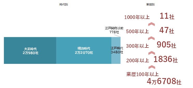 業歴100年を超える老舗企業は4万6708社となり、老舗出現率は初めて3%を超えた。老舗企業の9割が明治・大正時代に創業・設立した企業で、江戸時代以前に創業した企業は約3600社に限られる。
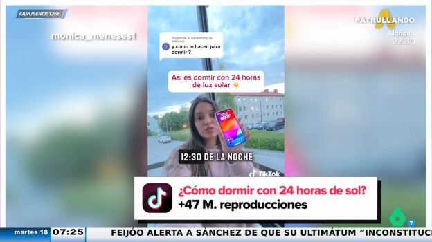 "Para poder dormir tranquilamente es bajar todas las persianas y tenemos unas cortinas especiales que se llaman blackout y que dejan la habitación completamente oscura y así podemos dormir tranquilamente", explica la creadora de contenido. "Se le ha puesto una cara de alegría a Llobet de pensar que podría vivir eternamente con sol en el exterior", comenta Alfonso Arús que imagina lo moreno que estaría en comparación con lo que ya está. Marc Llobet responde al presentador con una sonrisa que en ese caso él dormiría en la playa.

---

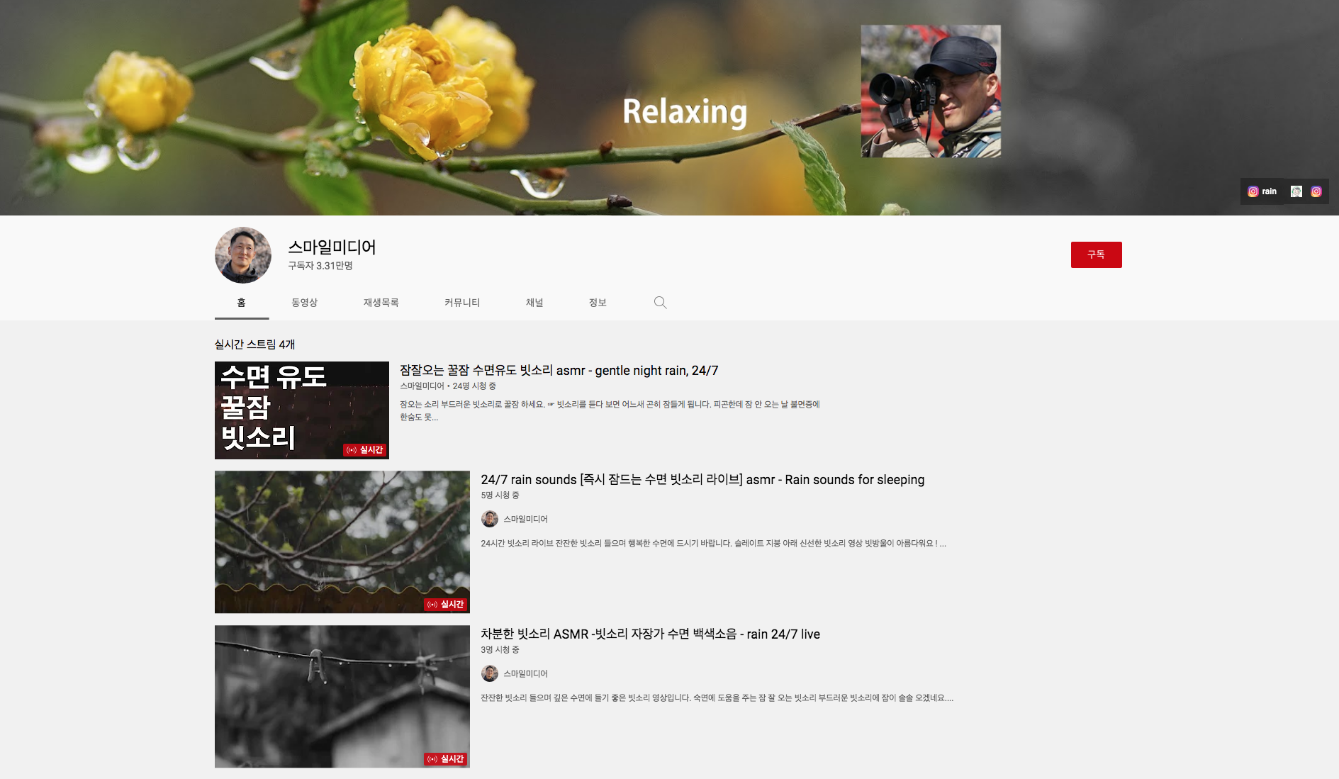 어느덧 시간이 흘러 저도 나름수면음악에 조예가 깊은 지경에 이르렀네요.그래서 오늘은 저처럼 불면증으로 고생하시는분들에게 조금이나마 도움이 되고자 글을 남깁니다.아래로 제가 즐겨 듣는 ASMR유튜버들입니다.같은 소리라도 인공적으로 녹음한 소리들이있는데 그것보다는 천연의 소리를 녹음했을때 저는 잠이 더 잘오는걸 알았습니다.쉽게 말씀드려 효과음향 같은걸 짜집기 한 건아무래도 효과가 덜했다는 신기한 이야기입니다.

---

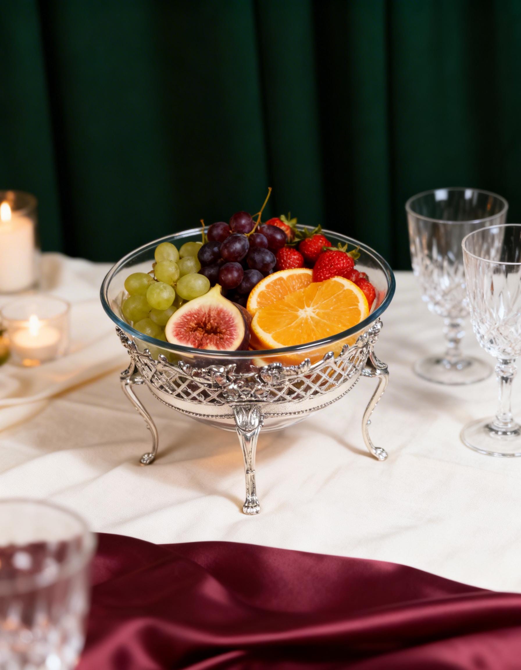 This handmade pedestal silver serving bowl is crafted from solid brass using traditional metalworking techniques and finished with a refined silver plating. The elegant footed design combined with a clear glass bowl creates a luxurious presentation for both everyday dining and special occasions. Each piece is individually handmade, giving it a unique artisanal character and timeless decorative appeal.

### Work to be completed
Look above for the line with "業歴100年を超える老舗企業", then give again exactly every line from there through the line with "en la playa.", skipping the pictures.

### Solution
 業歴100年を超える老舗企業は4万6708社となり、老舗出現率は初めて3%を超えた。老舗企業の9割が明治・大正時代に創業・設立した企業で、江戸時代以前に創業した企業は約3600社に限られる。
 "Para poder dormir tranquilamente es bajar todas las persianas y tenemos unas cortinas especiales que se llaman blackout y que dejan la habitación completamente oscura y así podemos dormir tranquilamente", explica la creadora de contenido. "Se le ha puesto una cara de alegría a Llobet de pensar que podría vivir eternamente con sol en el exterior", comenta Alfonso Arús que imagina lo moreno que estaría en comparación con lo que ya está. Marc Llobet responde al presentador con una sonrisa que en ese caso él dormiría en la playa.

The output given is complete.